A summary of comparative empirical results is provided:

Dataset / Metric	CGSTAE F₁	Best Baseline F₁	Comment
TEP (Process Mon.)	0.896	0.822 (DGSTAE)	FDR 0.822, FAR 0.059
ASP (Process Mon.)	0.820	0.784 (GAE-II)	FDR 0.941, FAR 0.057
PeMS08, fMRI, ...	↑	-	Lowest RMSE/MAE, robust causal recovery

7. Interpretive Insights and Applications

CGSTAE's explicit causal structure enables:

• Transparent anomaly/fault flagging in industrial monitoring, using Hotelling’s $T^2$ and squared prediction error (SPE) statistics against learned thresholds.
• Minimal causal subgraph extraction for root cause localization in multivariate systems.
• Dynamic, uncertainty-aware spatio-temporal predictions sensitive to both endogenous dynamics and exogenous disruptions.

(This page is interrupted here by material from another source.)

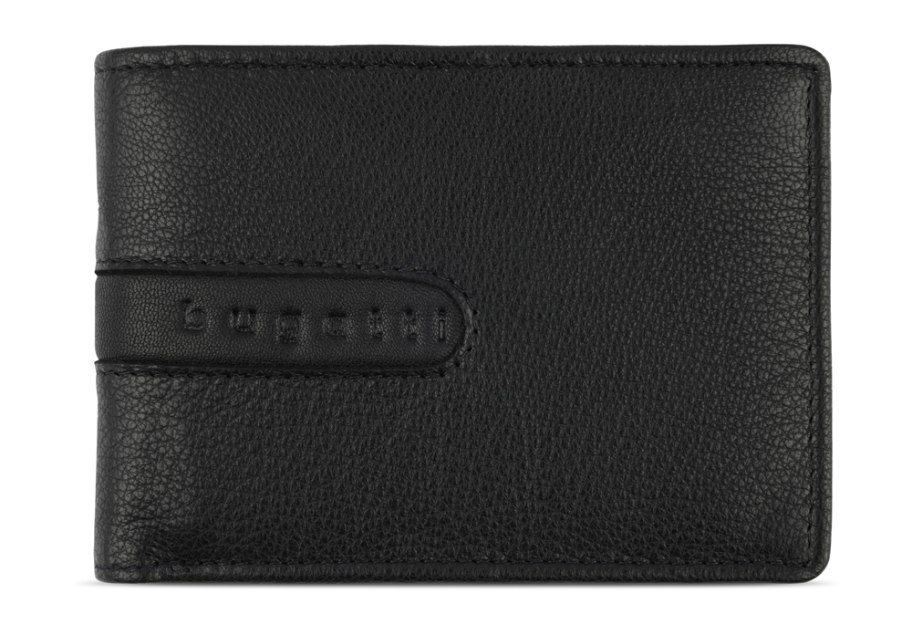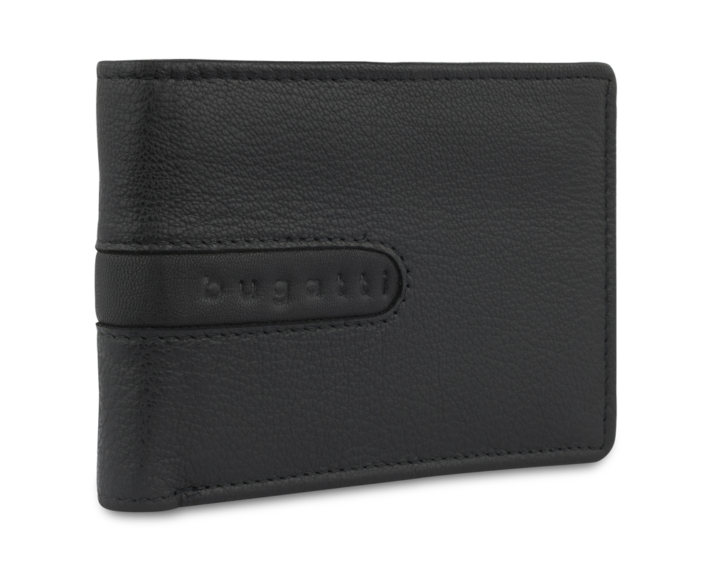 Портмоне BUGATTI Bomba, с защитой данных RFID, чёрное, кожа козы/полиэстер, 12,5х2х9 см (49135201)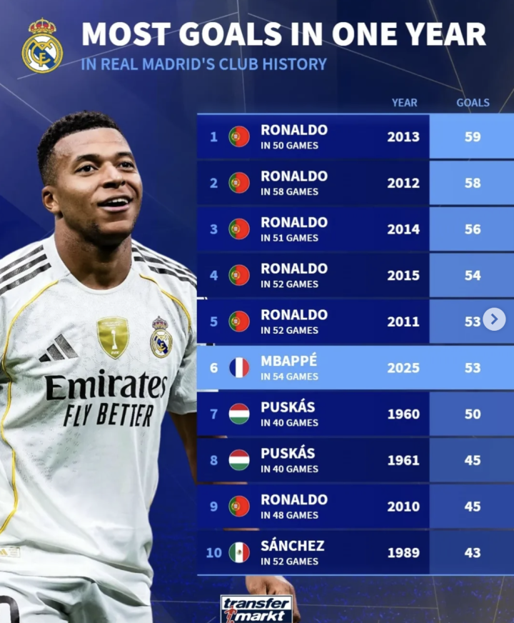前十中C罗占据前五席。姆巴佩在2025年已打入53球,已经可以排在第六位,并且还有机会打破C罗在2013年创造的59球队史纪录。

The integration of spatial self-attention, GCLSTM, variational and diffusion-based decoding, together with causal invariance principles, establishes CGSTAE as a reference framework for interpretable, robust, and practical graph-based modeling in scientific and industrial domains (Liang et al., 2023, Zhang et al., 3 Feb 2026).